On August 24, 2021, the Company granted to each non-employee director restricted stock units with a grant-date fair value of $40 per award (resulting in total aggregate grant-date fair value of $240), which will vest in five equal, annual installments beginning with the first anniversary of the grant date, subject to the director’s continued service through such date, provided that, if the director makes himself available and consents to be nominated by the Company for continued service as a director, but is not nominated for the Board for election by stockholders, other than for good reason, as determined by the Board in its discretion, then the restricted stock units shall vest in full as of the director’s last date of service as a director of the Company. 

 

On July 30, 2021, the Company granted to each non-employee director restricted stock units with a grant-date fair value of $50 per award (resulting in total aggregate grant-date fair value of $250), which will vest in five equal, annual installments beginning with the first anniversary of the grant date, subject to the director’s continued service through such date, provided that, if the director makes himself available and consents to be nominated by the Company for continued service as a director, but is not nominated for the Board for election by stockholders, other than for good reason, as determined by the Board in its discretion, then the restricted stock units shall vest in full as of the director’s last date of service as a director of the Company. 

 

On March 4, 2021, upon the resignation of former director Lewis Johnson, the Company, at the direction of the Board of Directors, accelerated the vesting of Mr.
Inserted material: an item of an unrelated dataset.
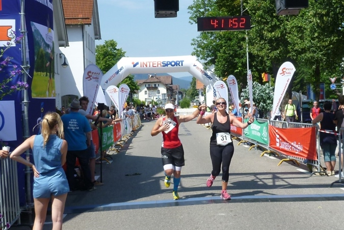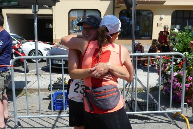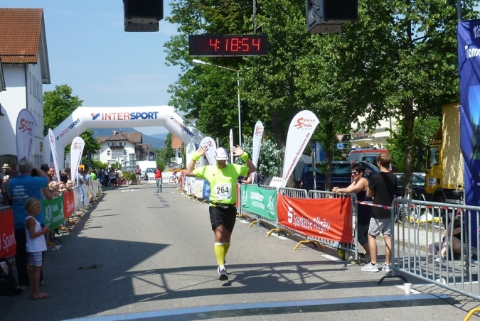 Und immer noch ist alles gut, unser Vorsprung auf zweieinhalb Minuten angewachsen, kein Anlaß zur Beunruhigung also. Nach km 40 haben wir wieder die Füssener Stadtgrenze erreicht. Den Lech über einen festen Steg überquerend, zeigt uns das tolle Panorama von Stadtmauer, Hohem Schloß und darunterliegendem Kloster St. Mang, daß sich das Ziel in Riesenschritten nähert. Die letzte Verpflegung lasse ich aus, denn was ich jetzt einwerfe, kommt eh nicht mehr an und wirkt nur als Placebo, das ich erfreulicherweise nicht brauche. Klar auf Sub 4 Stunden-Kurs erklimme ich den Weg in die hochgelegene Altstadt. Selbst diese späten Höhenmeter nehme ich locker, es geht doch nichts über eine gute Motivation, gepaart mit genügend Kraft in den Beinen. Km 41, 42, viel Vorsprung, sagt Magic. Ich lasse mir Zeit, genieße die letzten Meter durch die Morisse, höre schon den Zieltrubel, schieße noch etliche Fotos und bin ganz auf den Zieleinlauf konzentriert. Magic und seine letzte verbliebene Begleiterin stürmen voran, ich lasse sie ziehen, denn ich habe ja Zeit. Und dann passiert etwas, das ich noch nie erlebt habe und hoffentlich auch nie wieder erleben werde.

Johnson’s unvested restricted stock units granted September 6, 2018, September 6, 2019, and August 24, 2021, and issued 24,505 shares of common stock to Mr. Johnson.

 

There were 102,791 and 137,055 restricted stock units outstanding as of June 30, 2022, and December 31, 2021, respectively.

 

The Company recorded non-cash restricted stock unit compensation expense of $171 and $241 for the three and six months ended June 30, 2022, respectively, compared with $25 and $128, respectively for the same periods last year.